Postcards: November 2, 2020–Return to Bucksnort

Yesterday, returning from our trip to Lanesboro to celebrate Tim’s birthday, it was beautifully sunny and warm. Since we’d gotten an early start, we decided to detour to take look at Eagle Bluff Residential Environmental Learning Center (an organization we’d visited long ago when I was helping to raise money for them.) As navigator, I realized that we were on the very county highway which could take us back to Bucksnort! We’d visited last year–just a dot on the map but a trout stream of exceptional clarity and sparkle. Here’s a link to a few lines about it from 2019.

What is the allure of this tiny place? Maybe it’s just the name? Or knowing that I will be rereading Hemmingway’s collection of fiction, The Nick Adams Stories, later this fall with my Book Group? (Remember the short story, “Big Two-Hearted River,” from high school English class, perhaps?) In any case, something drew us to return to this swift-running trout stream yesterday. Tim commented that the air seemed more fresh and the colors more vivid there than in other places.

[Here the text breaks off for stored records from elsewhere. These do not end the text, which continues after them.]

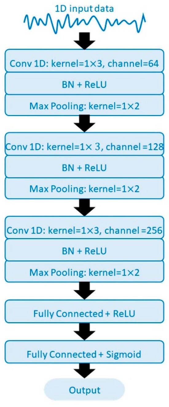 In Section 3.1, we applied various methods of dimension reduction for the extraction of features. Next, we used the simplified data as inputs for a deep learning classification model and formed this model to classify quasars. A convolutional neural network (CNN) is a very successful deep learning model for image processing and computer vision tasks. It automatically learns the features of images through convolution, pool, and full connection layers, allowing tasks such as image classification and object detection to be performed [35]. For the classification of quasars, spectral data can be used as a particular type of one-dimensional image, allowing a CNN to learn the features within a spectrum to distinguish BAL quasars from non-BAL quasars. In astronomy, a CNN can be used for various tasks such as galaxy classification, object detection, spectral classification, etc. [36,37,38]. For example, as part of a mission to classify galaxy images, a CNN can learn to distinguish different types of galaxies, such as elliptical and spiral galaxies, using images observed through a telescope [36]. The convolutions capture the texture and shape features of galaxies, allowing for high-precision classification. In object detection missions, a CNN can be used to detect targets such as planets, stars, and galaxies in celestial patrol data [39]. By sliding a convolution core over an image, a CNN can automatically locate astronomical objects. As part of spectral classification tasks, a CNN can learn the features of spectral data in different wavelength regions and perform tasks similar to image classification. For example, with quasar spectral data, a CNN can distinguish between broad- and non-broad-absorption lines [40].
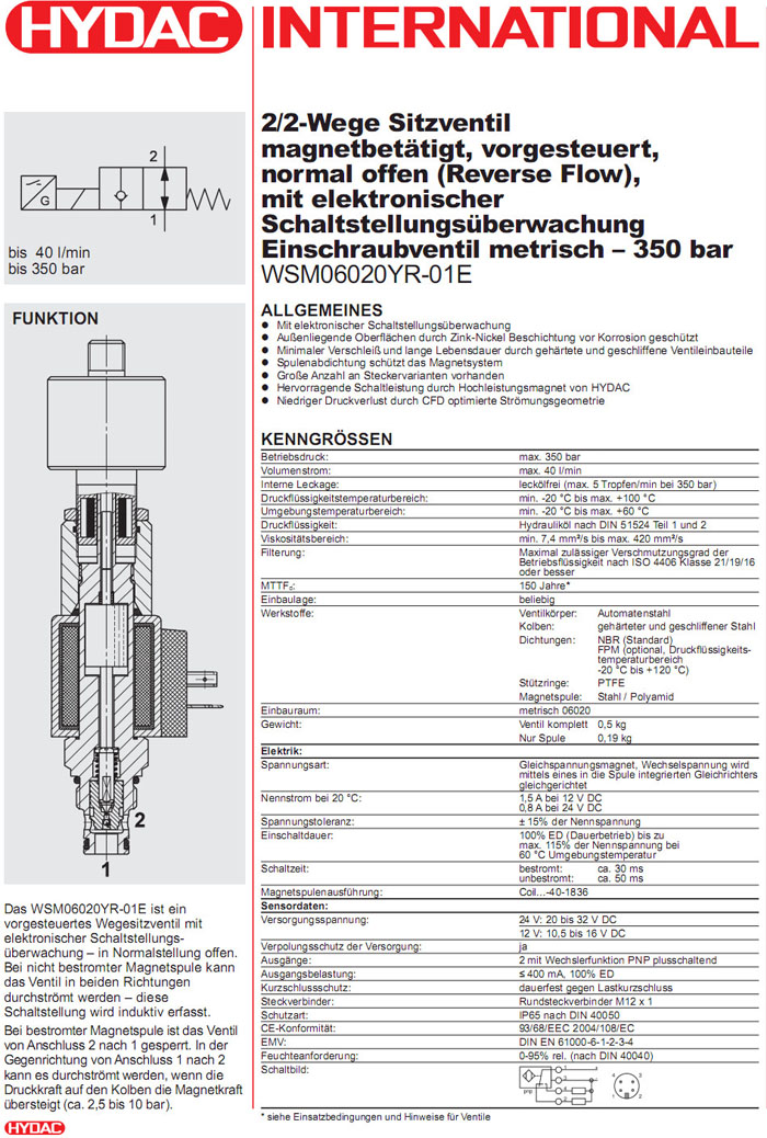 首頁 > 產(chǎn)品&解決方案 > WSM06020YR-01E-C-N-12DG,WSM06020YR-01E-C-N-24DG,HYDAC電磁2/2方向座閥
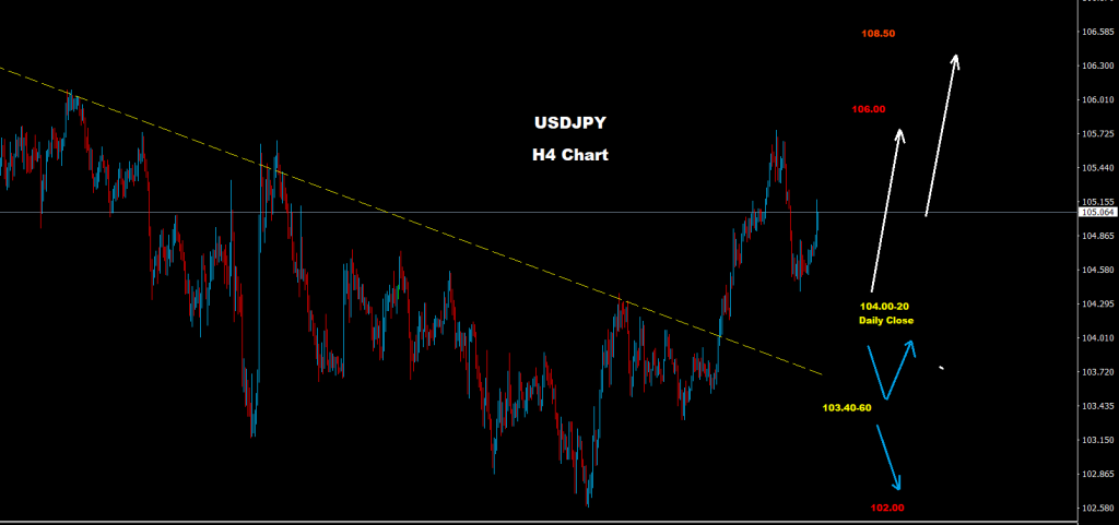 طالما السوق متماسك بالإغلاق اليومي فوق مستويات 20-104.00 فإن موجة ارتفاع ستكون متوقعة نحو مناطق 106.00 و 108.50

Or maybe it’s the image of the dam? The human-built addition that affects the rest natural world, creating more concentrated power for an instant, more leaps and agitations and aeration? I am wondering about the Brown Trout and their own leaping and falling, seeking and finding and resting as contemplate the human political cycles we’ve grafted onto the seasonal ones, the rise and fall of Fortune’s Wheel. Like Boethius, I keep seeking consolation in the midst of mental agitation, if not in pure philosophy than at least in poetry.

These photographs don’t do beautiful Bucksnort justice, but perhaps they offer a hint of the refreshment we found there at the conclusion of a welcome (mostly) screen-free weekend, free from most thoughts of volatile national roiling. We simply basked in the natural flow of Trout Run Creek, the green streaming of water weeds, the clouds reflecting in the double movement of sky and water.

Wishing you all moments of the deepest serenity in the fraught week ahead, knowing the ups and downs are all part of the flow. Remember to breathe!